"Firm Responses to Raising Women's Retirement Age" [Job Market Paper, Latest working version]
Abstract: Coworkers’ careers are interdependent. This study examines the impact of a reform that increased the retirement age for women on the career opportunities of younger workers. Using administrative social security data from Germany, I find that the reform-induced extension of older women’s careers reduces promotion opportunities and external hiring chances for younger coworkers. These crowding-out effects emerge during the years when the first affected cohorts of women remain in the labor force between the pre-reform and post-reform pensionable ages, with no large evidence of adjustments beforehand. The crowd-out effects are particularly pronounced for middle-aged female coworkers and external hires. The stronger impact on women is primarily driven by industrial and occupational segregation by gender in Germany.
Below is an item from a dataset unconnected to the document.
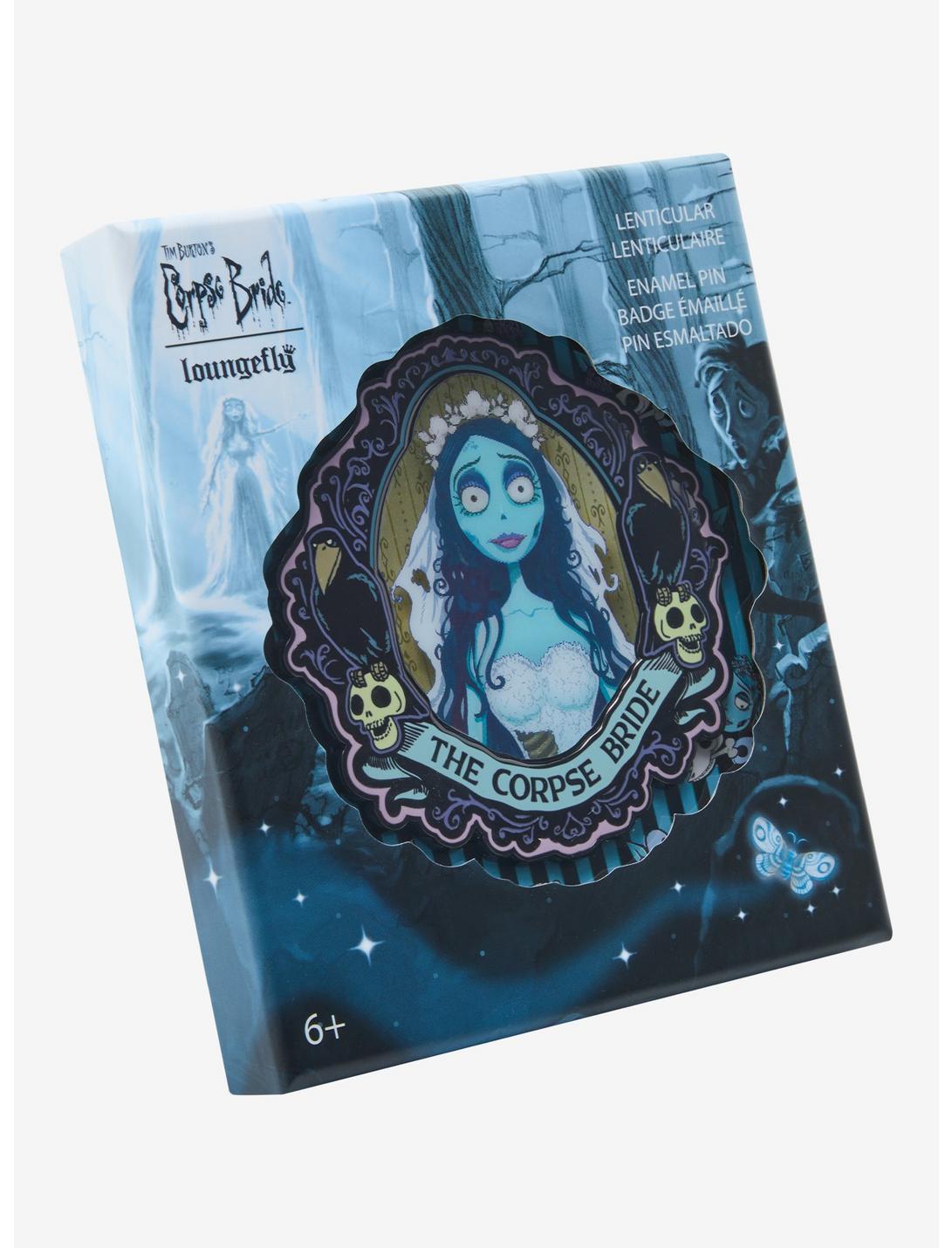 ¡Aporta un poco de moda no-muerta a tu colección con este pin inspirado en La Novia Cadáver! Con un retrato lenticular de Emily enmarcado por detalles de cuervo y calavera y las letras "La novia cadáver", un retrato muestra a Emily sonriendo y el otro la muestra posando sosteniendo su ojo. Este pin móvil de edición limitada es perfecto para los fanáticos de la película que buscan agregar un toque espeluznante a su chaqueta, mochila o tablero de corcho.

At the same time, the larger effect on middle-aged workers arises from their greater substitutability with older workers due to their proximity on career ladders, compared to the younger workers. Finally, the overall effects on the retention of older women exhibit substantial heterogeneity by the availability of internal and external substitutes, underscoring the role of labor market frictions in shaping the broader consequences of retirement reforms.
Awards: 1st place: Young Economists Seminar (Croatian National Bank, 2024)
2nd place: Young Economist of the Year in the Czech Republic (Czech Economic Society, 2024)
Grants: GAUK project No. 333221 (Principal Investigator)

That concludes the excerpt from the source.